尊敬語と謙譲語を混同して使用するのは、ビジネスの場面で目上の人・社外の関係者に対して失礼にあたります。「誰に対する敬意なのか」を取り違えないようにしましょう。 間違えやすいのは以下のような場面です。 以下の文章は誤用です。注意してみてください。 (A)×「お客様、社長がもうすぐいらっしゃいます」 (B)×「課長、社長がお呼びですので社長室へうかがってください」 これらはNG表現です。 (A)社外の人に対して自社社長を尊敬語で扱うのは×です。謙譲語の「参ります」を使うようにしましょう。(B)「うかがう」は自分をへりくだる謙譲語なので、課長をへりくだらせることになり、大変失礼にあたります。
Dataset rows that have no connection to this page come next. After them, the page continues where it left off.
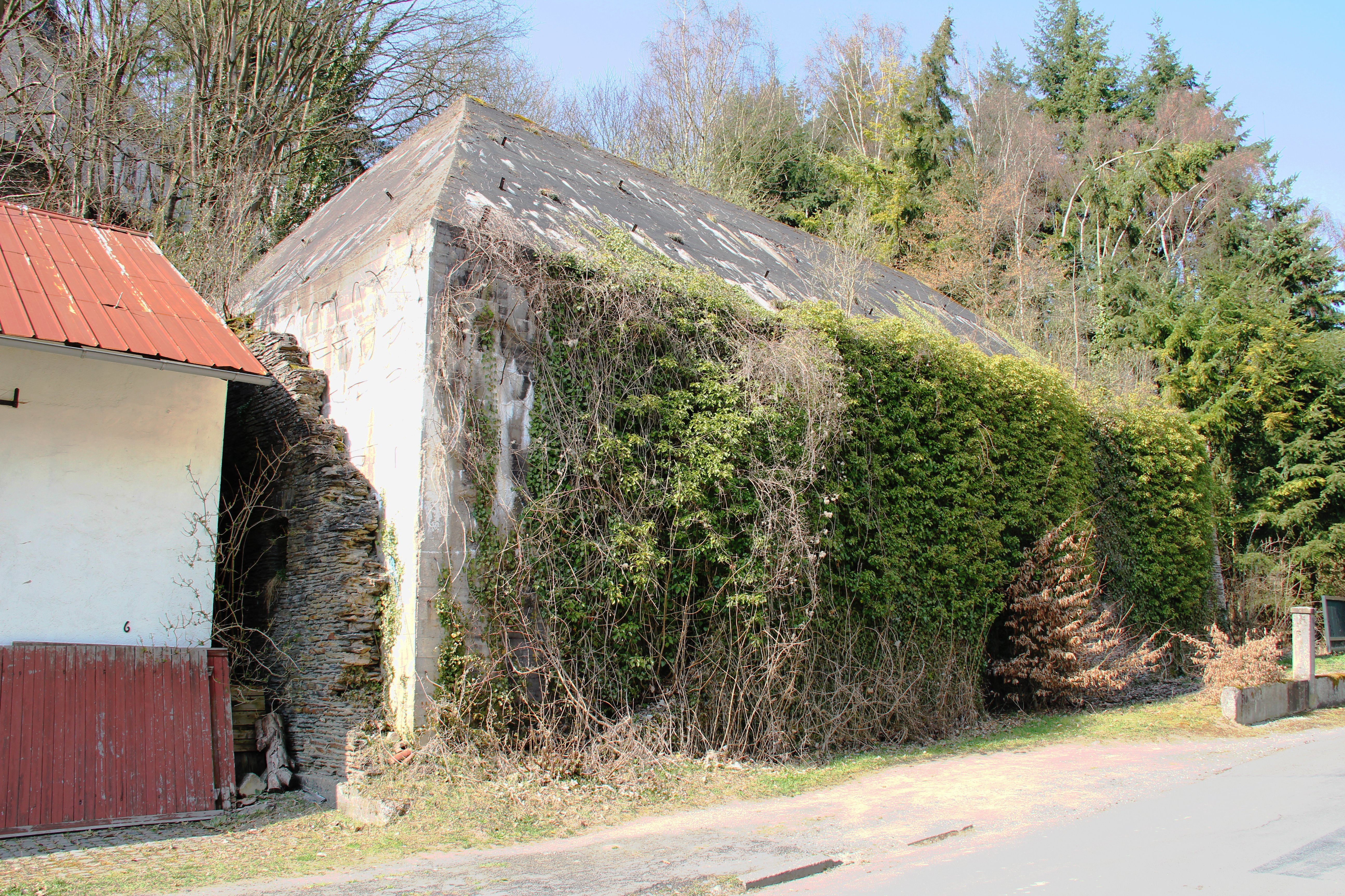 bunker in Ziegenberg (Germany). Part of Führer Headquarters Adlerhorst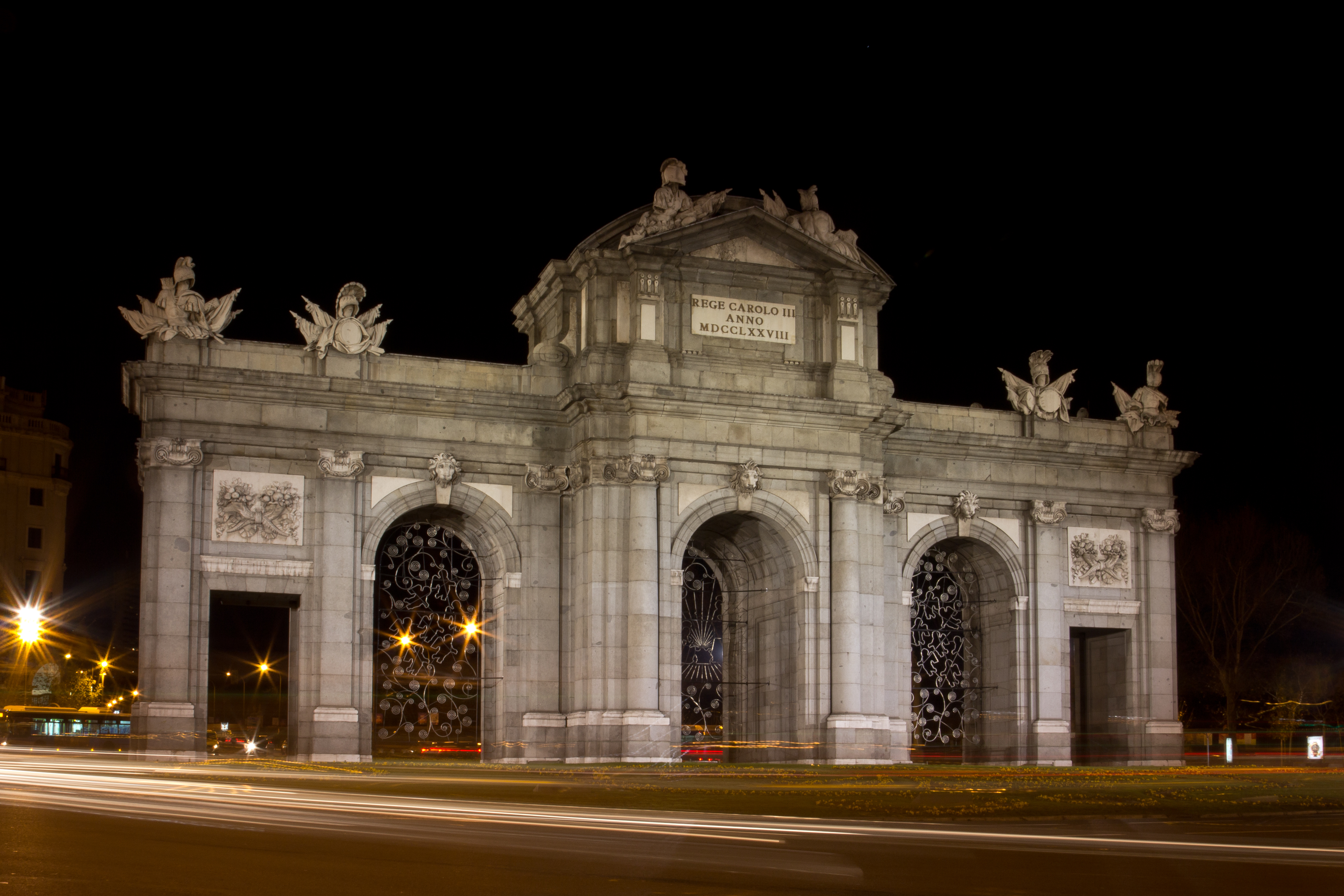 Puerta de Alcalá at night, Madrid, Spain.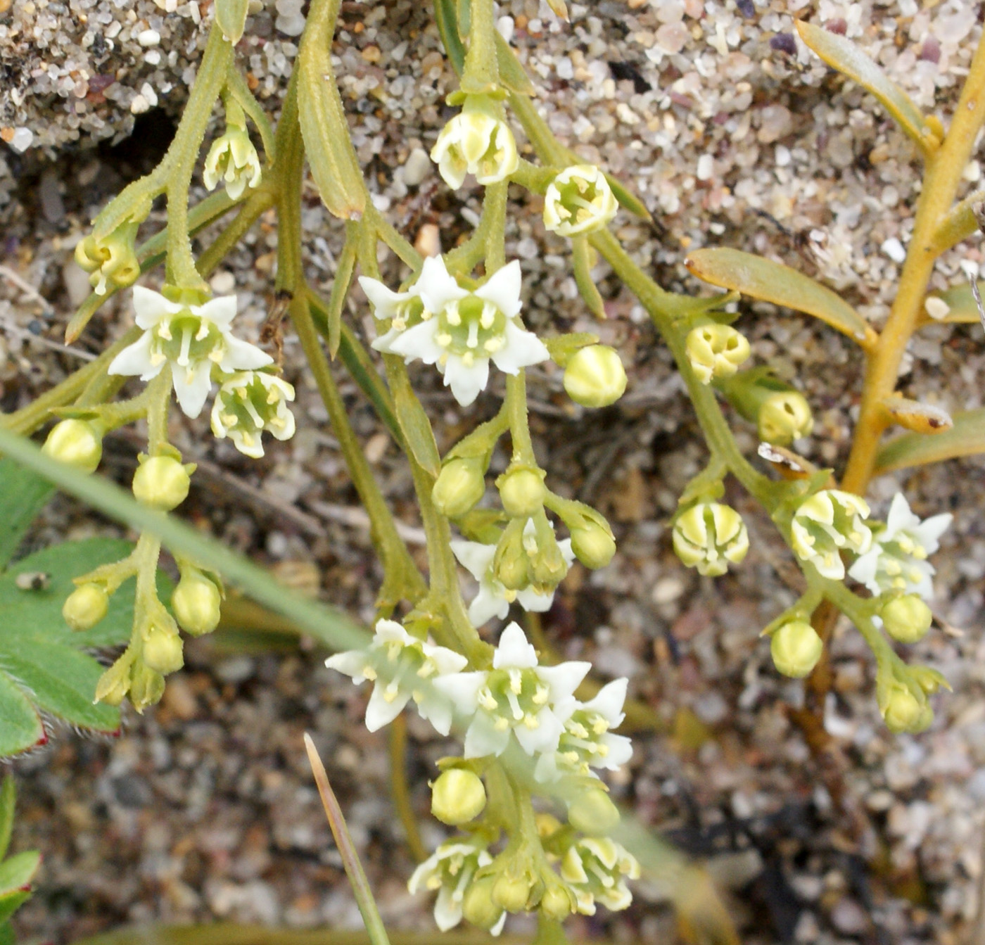 Thesium humifusum

正しくは課長に対する尊敬語の「いらしてください」となります。

ビジネス敬語を使いこなそう

いかがでしたでしょうか。それでは、簡単におさらいしておきましょう。 「行く」の尊敬語は「行かれる」「いらっしゃる」「おいでになる」、謙譲語は「参る」「うかがう」、丁寧語は「行きます」という表現でした。 なお、謙譲語は間違えて目上の人に対して使用しやすいとされています。謙譲語はビジネスの場で、自分(あるいは自社)に対して低める表現ですので、目上の人に対する謙譲語は失礼にあたります。使うことのないように注意しておきましょう。 みなさんもビジネス敬語を使いこなして、ワンランク上のビジネスパーソンとして活躍していきましょう。